Contributions from Analytic Work with Children and Adolescents

From the Editors

Jackie Gotthold and Rosalind Chaplin Kindler

Regular readers of this column will note the new title for this section on child work in the Newsletter. We decided that since we have always followed a developmental approach to our work with children, so it should be with the child segment of the newsletter. Thus came the decision that it was time to allow the children's section to emerge from the "corner", spread its wings, explore a wider arena of experience, and try a new identity as an independent centre of initiative. It's been heartbreaking for we co-editors to have to let go of our own selfobject needs and wishes to keep our children's section close, safely tucked up in the corner under our care, but we have every confidence in its capacity to successfully differentiate and find its way independently around the Newsletter, connecting competently with our readers.

The two articles that we present appear to be 'child' articles, yet when considered in a wider lens they point toward wider reaching applications. Roger Segalla summarizes Amy Joelson's paper, "A Girl, Her Mother and The Analyst: A Study of Self and Interactive Regulation," which was presented at this past year's International Conference on the Psychology of the Self. He outlines some of the contemporary conceptual points that Ms. Joelson applies to a child treatment case that involves the mother in a session. The complexities of "shifting dyadic configurations" in terms of self and interactive regulation in the treatment process are noted by Ms. Joelson. Roger Segalla suggests that this conceptualization is applicable to triadic work such as in couples treatment.

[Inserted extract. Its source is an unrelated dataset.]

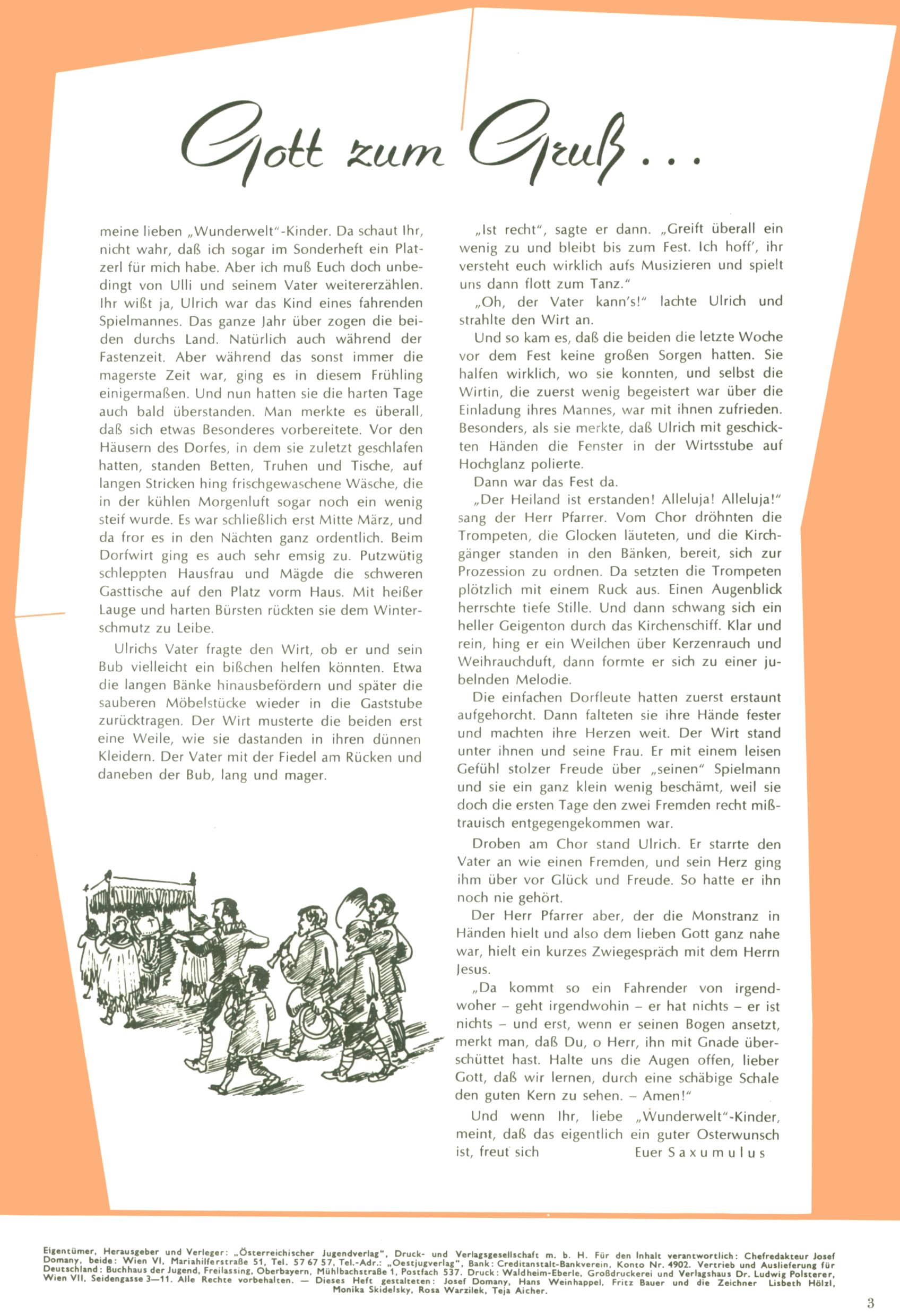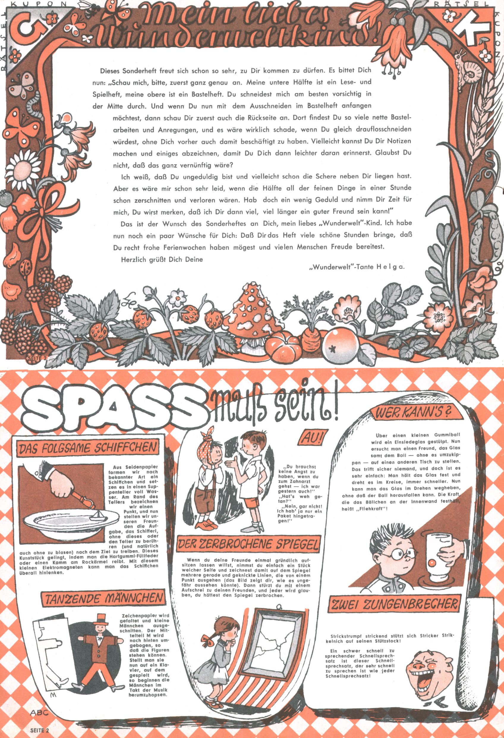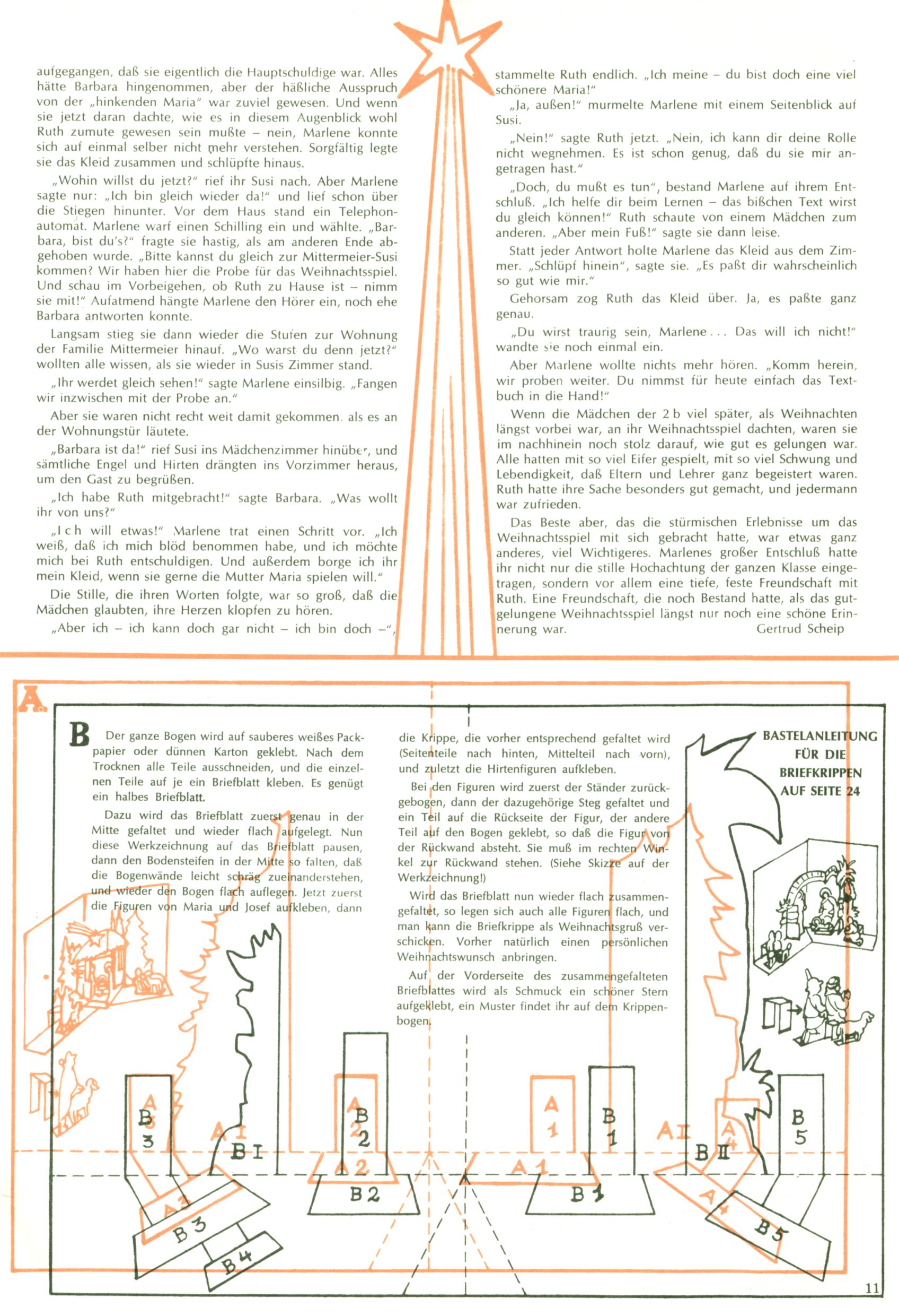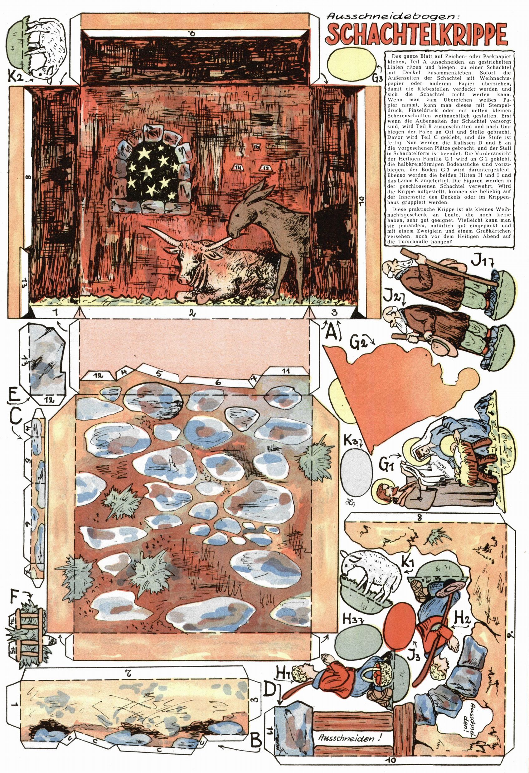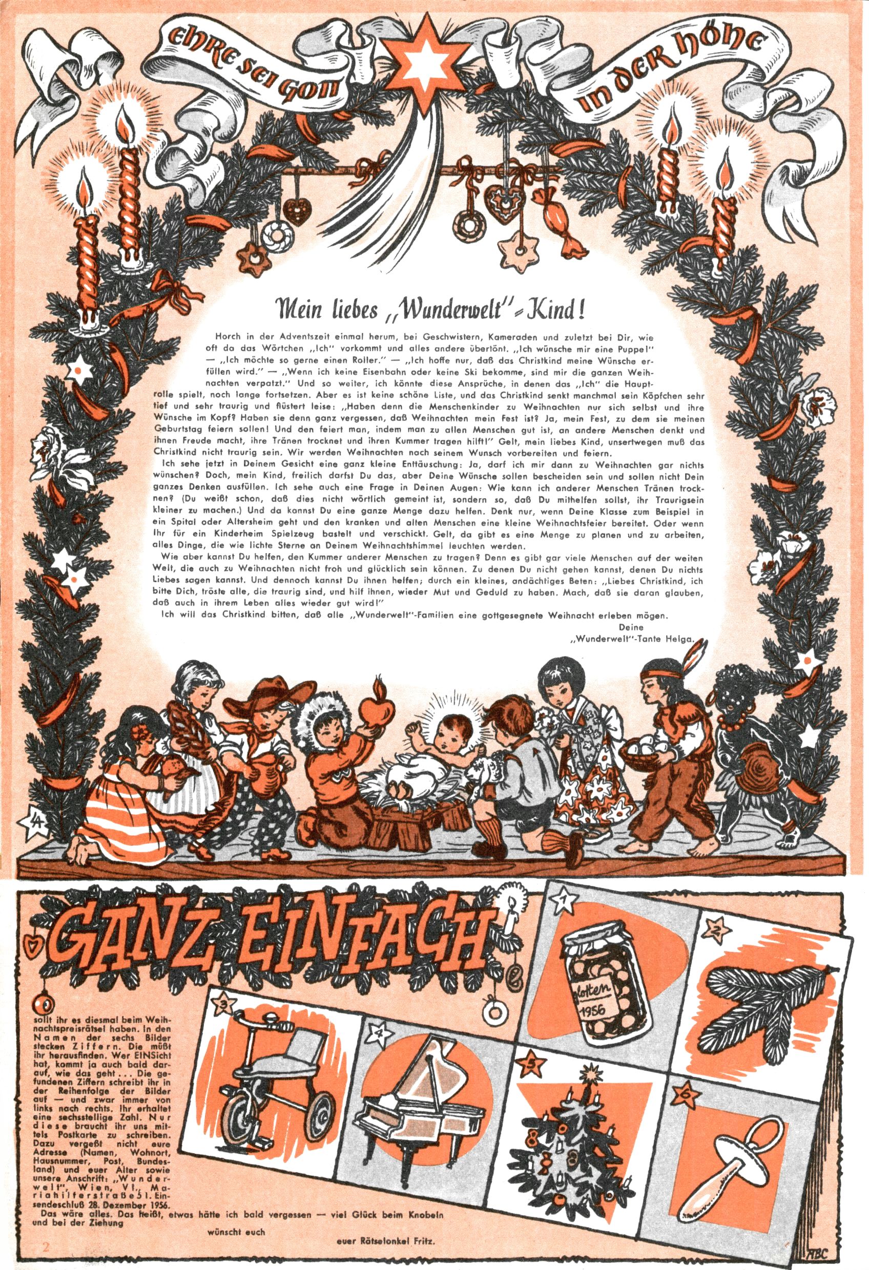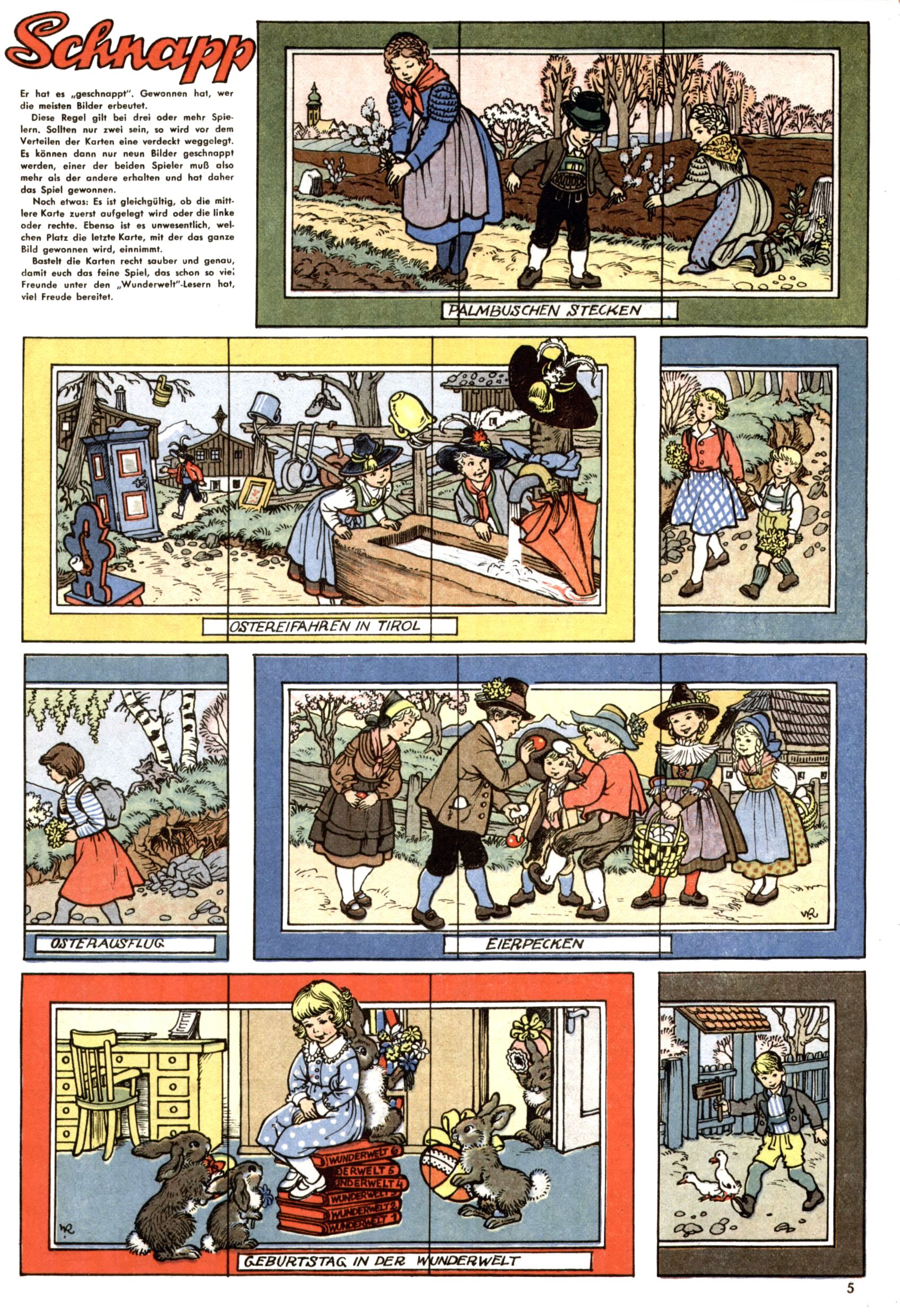 Die Wunderwelt im Festtagsgewand In den Sonderheften präsentierte sich die Wunderwelt wahrhaftig in Feiertagsstimmung. Mit wenigen Ausnahmen gab es pro Jahr drei Sonderhefte - zu Weihnachten bzw. im Advent, zu Ostern und in den Ferien im Sommer. Experimente mit Faschings- und Muttertagsheften hatten sich nicht bewährt. Selbst als es die Einzelhefte in der Krisensituation nach 1967 nicht mehr gab, wurde die Wunderwelt-Zeitung im Layout der Sonderhefte fortgesetzt: Zunächst mit 3 bis 5 und ab 1971 immerhin wieder mit 10-12 Heften pro Jahr. Die Weihnachts-, Oster- und Ferienhefte hatten naturgemäß verschiedene Schwerpunkte. Während im Sommer Spielen und Werken mit Material im Vordergrund stand, waren es zu Weihnachten Krippen und Adventhäuser; zu Ostern dann Erzählungen, Hasenstädte und Oster-Basteleien. Das bessere Papier der Sonderhefte erleichterte das Ausschneiden der insgesamt mehr als 1000 Papiermodelle erheblich. Die Sonderhefte waren vergleichsweise aufwändig gestaltet, aber auch ein wichtiges Zusatzgeschäft für die Zeitung. Die Kinder fieberten dem Erscheinungsdatum der jeweiligen Ausgabe nicht selten richtiggehend entgegen. Mit knapp 100 Seiten pro Jahr machten die Sonderhefte von der Menge her zwar nicht einmal ein Viertel aus, trugen aber zum Erscheinungsbild mindestens genauso viel bei wie die Standardhefte. Im Wesentlichen blieb das Layout der Sonderhefte über die Jahre hin unverändert. Mühselig wurde es, als man den Inhalt der Beiträge vorübergehend auf die Seiten gleichmäßig verteilte und die Kinder ermunterte, die Hefte in der Mitte zu zerschneiden. Die eine Hälfte enthielt dann etwa Erzählungen und Bastelvorschläge, der andere Teil der Zeitung Spielanleitungen. Zur übersichtlichkeit trugen diese Layoutversuche jedenfalls in keiner Weise bei und als besonderen Auswuchs gab es eine Zeitlang auf einer Seite oft mehrere Seitennummern, je nachdem, ob sich diese auf das Gesamtheft oder den herauszunehmenden und zu zerschneidenden Heftteil bezogen. Gegen Ende der 1950er Jahre kehrte man wieder zu einem ganzseitigen Layout zurück und Ideen wie ein Spiel-(Heft-im-)Heft gehörten der Vergangenheit an. In den Sonderheften experimentierte man dann noch ab Mitte der 1960er Jahre, als die Verkaufszahlen stark rückläufig waren, mit grundsätzlich neuen Darstellungsformen - weg vom Niedlich-Kitschigen und engagierte neue Grafikerinnen wie Gundi Groh und Hella Soyka. Den erhofften Erfolg brachte dies jedoch nicht mehr. |

In the second article, Amy Eldridge presents us with a self psychological understanding of the ever complex and daunting task of the analyst's work with parents of child patients. She, too, notes a dynamic and interactive model whereby the selfstate of the parents is affected by the response of the child, just as the development of the child is affected by the parents' selfstate. Again, we can see how the work with children can serve as an ideal vantage point to explore the complexities of the treatment process.

We hope these articles expand your horizons.